She reached over and snapped the switch back down, cutting the lights. She looked down at her hand, still holding the wounded heart, and looked a little sad.

“Is it yours?” I asked. She ignored me.

The woman stepped back away from me, disappearing into the shadows, and then everything faded away. The green room dissolved around me, leaving nothing but blackness.

I opened my eyes. I was awake, or at least I thought I was. It seemed like I spent a lot of time wondering whether I was dreaming or not. I picked my head up off the couch and blinked until things stopped spinning, and strained to see out the window. It was still dark outside.

I felt a tickle on my neck and brushed at it. Something brown with feelers flicked onto the floor and scurried off. I turned my head and looked at the coffee table; the remote controls were spread out all over the place, along with some pens, a spiral notebook, an oil-stained paper plate, and a shot glass that was full to the brim. I sat up and looked at the TV, which was showing some cartoon with the sound down. I drank the shot, then grabbed the bottle of ouzo from the floor and refilled the glass as I burped up a pocket of air that tasted like cabbage, licorice, and soy sauce.

I poured more of the ouzo into the shot glass, which had kind of become a moving target, and spilled a little onto the floor. I wiped it up with the toe of my sock.
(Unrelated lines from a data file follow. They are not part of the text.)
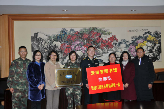 2019新春伊始,云南省图书馆与中国人民解放军驻滇某部合作设立全民阅读示范点授牌仪式暨“数字图书馆推广工程进军营”资源赠送活动在云南省图书馆举行。
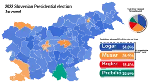In the first round Anže Logar received 34% of the voter share against 27% for Nataša Pirc Musar.[11] Milan Brglez was third with around 15%.[11] For the second round Golob then turned his support to Pirc Musar.[11]
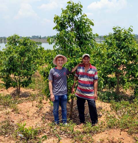 Anh Nguyễn Văn Sơn (trái) rời phố về quê lập nghiệp, thành công với sản phẩm trà mãng cầu Nguyễn Văn Ảnh: NGUYỄN NAM
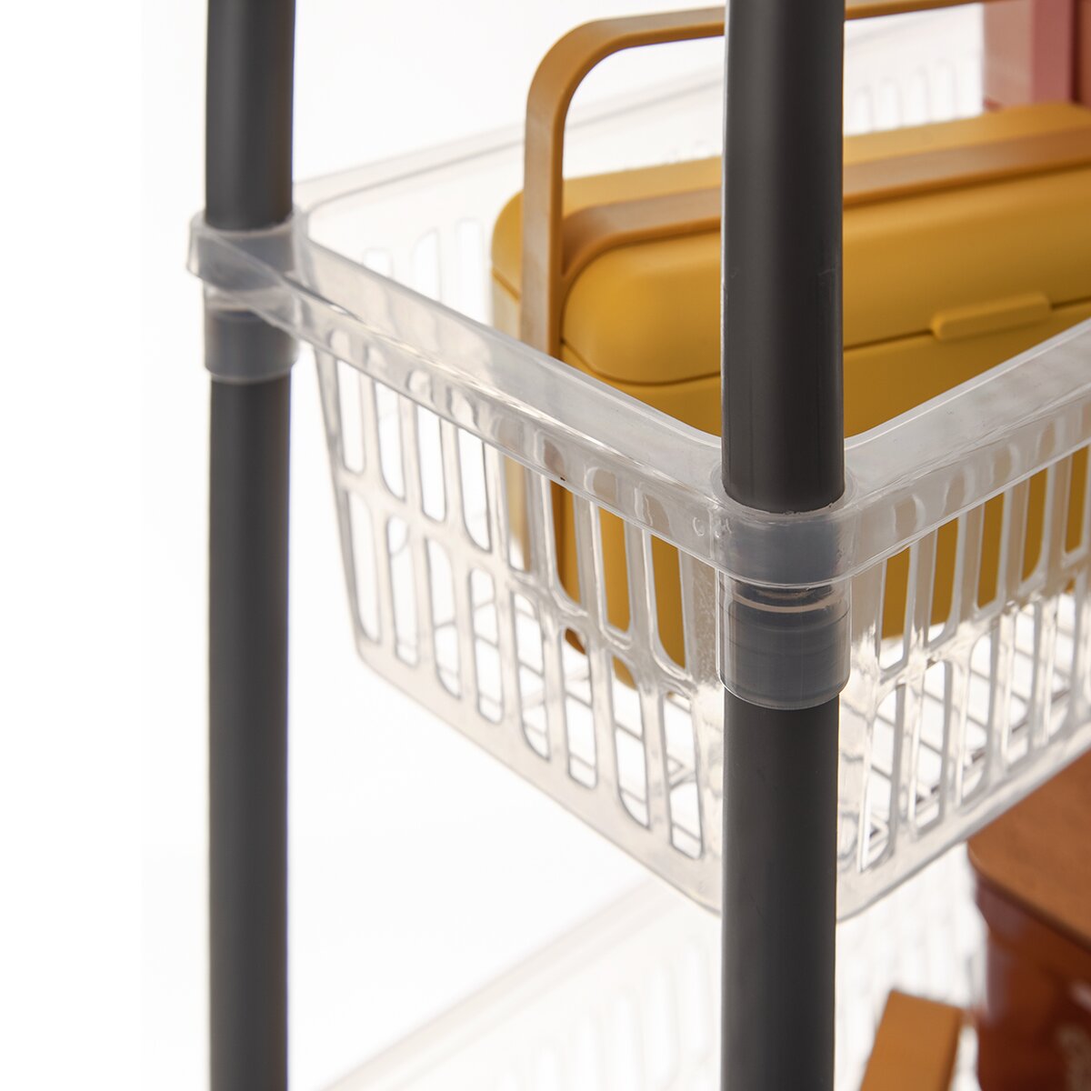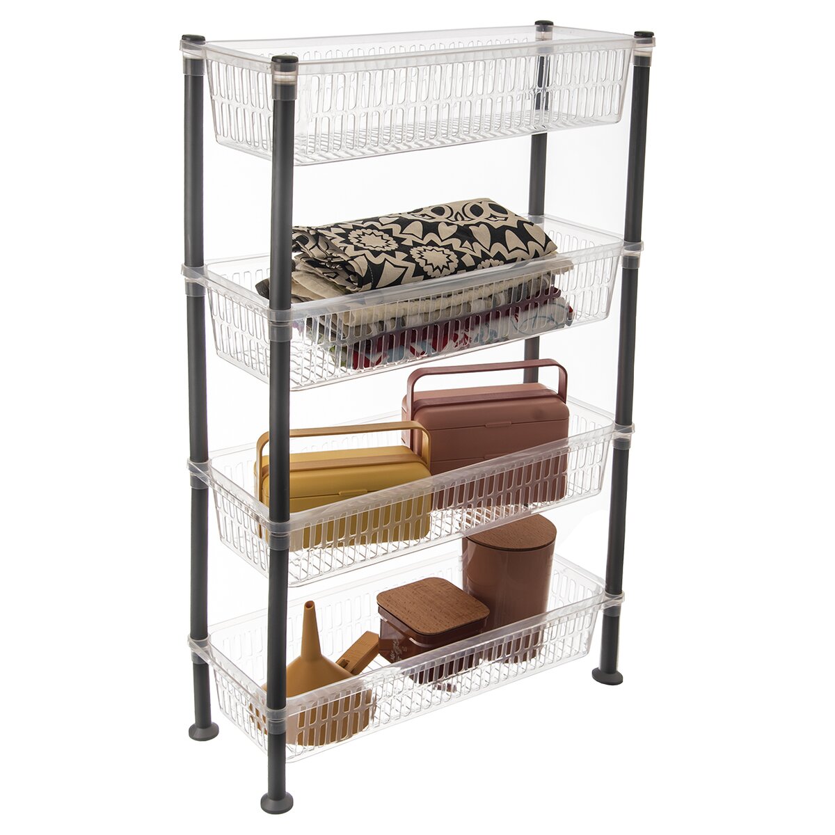 Kód produktu 812612Šedý plastový regál so 4 transparentnými alebo šedými košíkmi uloží drobnosti kdekoľvek v domácnosti. Je úzky, takže vyplní priestor medzi skrinkami alebo poskytne dostatok úložného priestoru tam, kde je málo miesta.
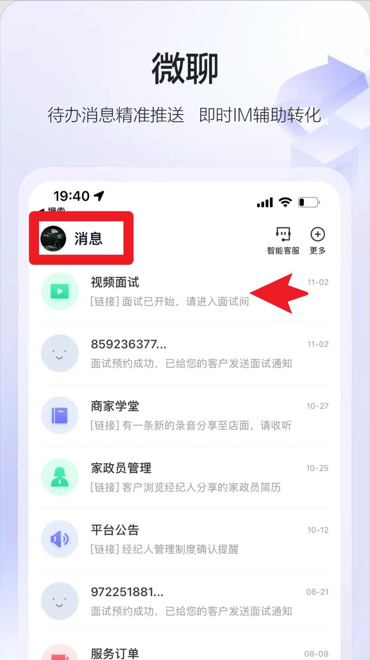 接收平台线索下发,阿姨动态等消息推送;提供高效建联渠道,通过即时IM辅助客户转化。

I drank the shot and stared at the TV.

A green icon danced in the upper right-hand corner of the screen; the data miner was bouncing around, letting me know it had finished gathering information. I couldn’t remember what I had been looking for.

Fumbling for the remote, I turned the sound back on and brought up the data miner. All the categories had hits. The timer showed the miner had been collecting information for almost two hours…. I must have dozed off for a while there. There were multiple hits on a bunch of topics: movie stars, TV stars, musicians…. One jumped out at me.

WACHALOWSKI.

The dancing icon bounced next to the name. It had eleven hits.

“Who the hell are you?” I asked.

I brought up his listings and had a look; they were all news channels, all short segments. I cycled through the stills. Three of them were the same shot of him standing in what looked like a dark building lobby, facing the person taking the footage.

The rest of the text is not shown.